I am not sure about reincarnation, nor the spirits or souls. In this DP condition I come closer and closer to conclusion that death is the very end of everything and thats the true beauty of it.


----------



## CECIL (Oct 3, 2004)

I just kind of see depression as an infinite meaninglessness - and its very numbing to the point where, if nothing means anything, there's no point in going on.

Construct your own meaning. Construct your own reality.


----------



## enngirl5 (Aug 10, 2004)

That's how I know when I'm actually depressed because I get that feeling where "what is the point of all this? Life has no meaning." That really bored and empty feeling. It's a different feeling than when I'm dped and pondering whether life has meaning. Anyway, suicide is really annoying in that I have people in my life who like to "threaten" it. And who knows if they'll really do it. So I have to worry 24/7 that they're gonna kill themselves. Which is complete bullshit because that's exactly what they want! Why is suicide no longer censored?...


----------



## Depersonalized (Feb 11, 2005)

Life can have one meaning for sure - pleasure, you can't argue with that, even though all of us feel like crap we still manage to go through our daily lifes without killing ourselves that means we still find our lifes pleasurable.


----------



## Martinelv (Aug 10, 2004)

I have suicidal thoughts every day. And I mean, every day. I've had them lying in a gutter, lying on a beach in St Lucia with a beautiful woman, you name it - I've had it. Initially it was a fantasy that I could commit if the dreaded DR ever returned. Lately it's just because, I dunno, I'm so tired of being anxious, and not ill enough to recieve help or squander my life away in a haze of booze and women like I want to.

I've been like this for 15 years, and have 'only' tried to top myself twice. Once when my ex-wife threw me out of the house, and another time more recently when I was at my poor mothers, drunk out of my brain, furious at myself and life.

Life, for me, is never enough. I've had it all, everything I could possibly want (except for vague dreams of being published), and it's still not satisfied me. I doubt anything will. If fact, I know nothing will. How selfish and concieted is that ? In a strange way, DR actually made me feel more alive, because I was savagely determined not to miss out on life..and perhaps, in a morbid way, I enjoyed the dramatic tragedy of it all.....

Oh to be content. Or at peace. One of them will do.


----------



## Guest (Apr 26, 2005)

Martinelv said:


> I've been like this for 15 years, and have 'only' tried to top myself twice. Once when my ex-wife threw me out of the house, and another time more.


To "top" oneself means to kill oneself in British? These Britishisms are _agonizingly _charming.

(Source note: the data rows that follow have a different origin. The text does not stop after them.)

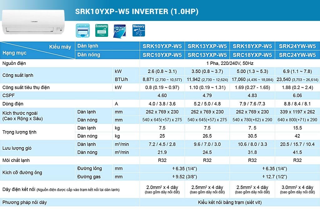 Hiện tại Mitsubishi Heavy dòng YXP-W5 có 3 dãy công suất từ 1 HP cho đến 2 HP, tương ứng với các mã số sau: SRK10YXP-W5 (1 HP), SRK13YXP-W5 (1.5 HP) và SRK18YXP-W5 (2 HP).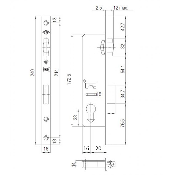 Описание Механизм замка KALE 155 P-20 (16 mm) (BS20мм) хром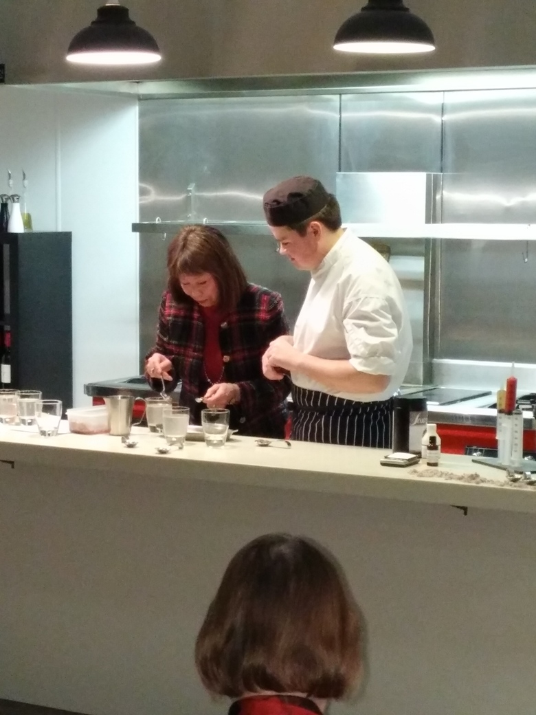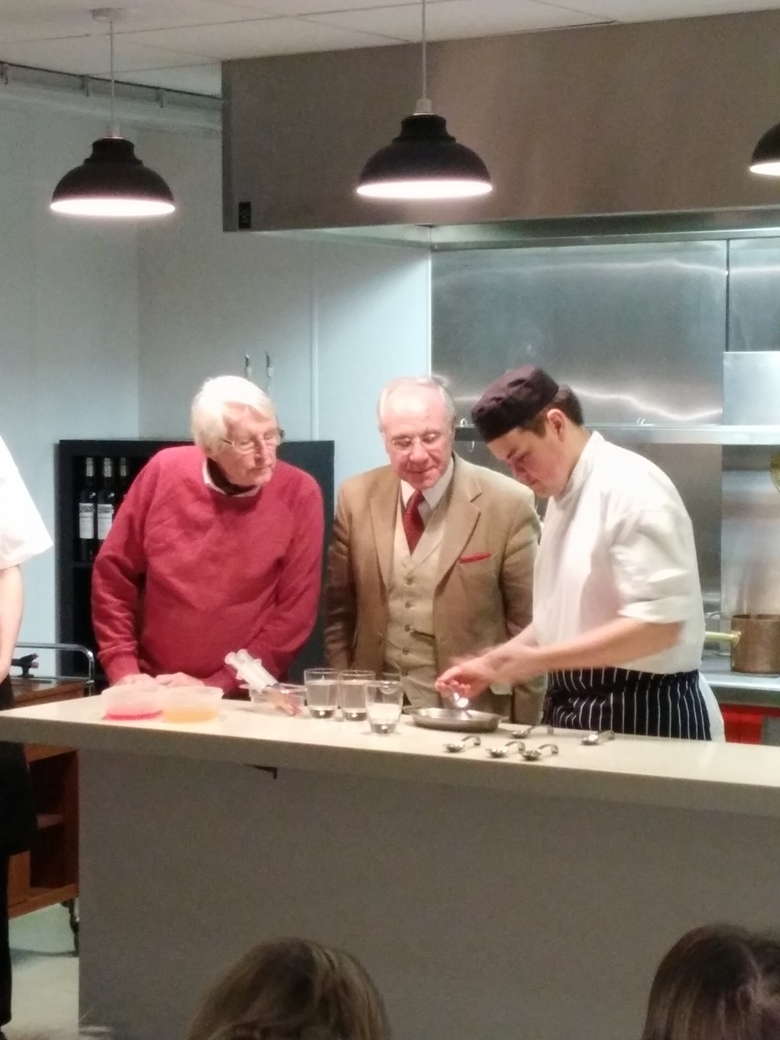 Well, for those of you that could not make this Ladies’ evening you missed a cracker ! The evening started with a talk from the head chef who presented two of his students who were going to do the live cooking. There were three different types of cooking presentation all based on ‘Spherification’. After the chefs showed how it was done volunteers were called to have a go while, much to our delight, samples were brought around to try. Wow ! What a taste sensation.

Do you say "to off oneself" over there?

While I'm at it, what exactly does it mean "to talk up" something in Britspeak? The BBC radio guy has me confused, always sounds drunk, and is very saucy with the ladies.


----------



## terri* (Aug 17, 2004)

"It is always consoling to think of suicide: in that way one gets through many a bad night."

Friedrich Nietzsche

Have thought and thought about this thread. For many of us here, when the days are bad and they just go on and on, we begin to let our minds freefall into the fantasy of suicide. As for me, I am happy when the depression lifts and I find myself in a world much better than it looked the day before.

When we are thriving, we are all such wonderful, unique creatures. I hope we all continue to have the ability to move past the dark times.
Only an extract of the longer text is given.